The value in 'myvalue' is a word, so you need to do this twice to get a long, and there needs to be a leftshift in there for one of those as well as an 'or' to combine the two values. And then you need to put that value somewhere - in hub or in the cog.

I've been thinking about virtual machines. Zog. Zicog. A whole myriad of stack and register based machines I found on wikipedia. But I've been thinking of something more specifically designed for the propeller.

Thinking about virtual machines with an arbitrary large memory, with a fast external memory system one can think about bypassing hub and working with just the cog and external memory (the hub will still be very useful but it is nice to start with it all completely free for anything you want).

Everything seems to come back to the actual hardware we have to work with, which is a cog with 2k of memory. If you run a virtual machine, you have to fetch your virtual instruction, process it, store or load values, then get the next instruction. I've read some of the arguments of stack based machines vs register based machines but neither are as fast as they could be. An example - storing a single long constant on the stack on Zog requires four byte stores. That is four emulated instructions plus all the overheads all to do what you can do in pasm with one instruction.
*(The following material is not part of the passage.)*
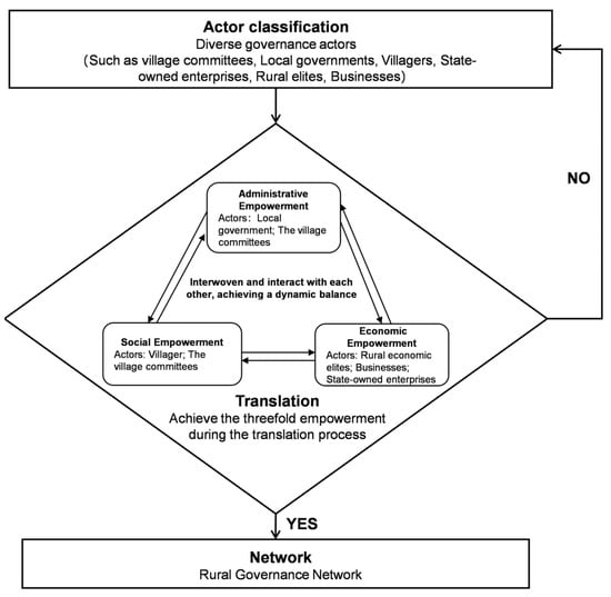 - Governance network: The rural governance network results from key actors engaging in a process of translation to achieve a dynamic balance among administrative, social, and economic empowerment. These three dimensions of empowerment work in tandem, mutually reinforcing one another to sustain the network’s efficiency. When insoluble dissidence emerges, preventing actors from sustaining this balance, their roles and interactions become disordered, ultimately leading to the network’s disintegration. At this point, governance structures, roles, and relationships are reorganized to adapt to new circumstances, and the translation process is repeated to re-establish threefold empowerment, reconstructing the governance network.

So I have been thinking about working more closely with the actual propeller architecture and working within a subset of pasm.

Consider a long assembly program - 100k in length. Too big for LMM. If a subroutine/call happens to be under 1k that is good - just load that code fragment into the cog and run it as it is.

If however it is more than 1k with no calls or jumps, split it up into 1k fragments and load each fragment in turn.

The key here is that a 1k fragment of pasm code loaded from external memory runs exactly as pure pasm. There is an overhead to load it obviously, but if it happens to have some internal loops or jumps then those run at pasm speeds. A video driver would be possible if it happens to fit into 1k.

Why 1k? Well that is just a guess, but I figure the other 1k would be needed to handle the code to load blocks of external memory into the cog, plus the setup code, plus some common registers. Though that is probably an over estimate - maybe only a few hundred bytes?

From the point of view of a compiler like the proptool, you would do the program in 496 long groups, copying in the memory access the same every time and then adding different code fragments. Then link it all together. Each 496 long piece of code is internally consistent and hence easily compilable.

Ok, this is a subset of pasm, and you can't do everything:

jumps and calls internally would work.
but returns would jump out of that fragment and would require loading in new fragments. Ditto calls.

The hardest thing I think is you can't have a list of variables at the bottom of the pasm code. So you need some way of handling constants. Maybe a psuedo instruction that is translated by a precompiler to four mov myvalue,#nnn with some bitshifts.

It might be possible to have registers that stay constant between code fragments so you only have to load in those constants once. Or constants could be stored in hub.

There might be some advantages to declaring a list of 16 longs (call them registers) that are common to each code fragment so that you can pass data between fragments quickly.

I'm not sure exactly of all the rules. In some ways it may be better not to have rules - write any pasm you like.

But I wonder if this could do something that LMM can't do, and that is to run a video display at full speed if you wanted to. Then shut that down and run some other code?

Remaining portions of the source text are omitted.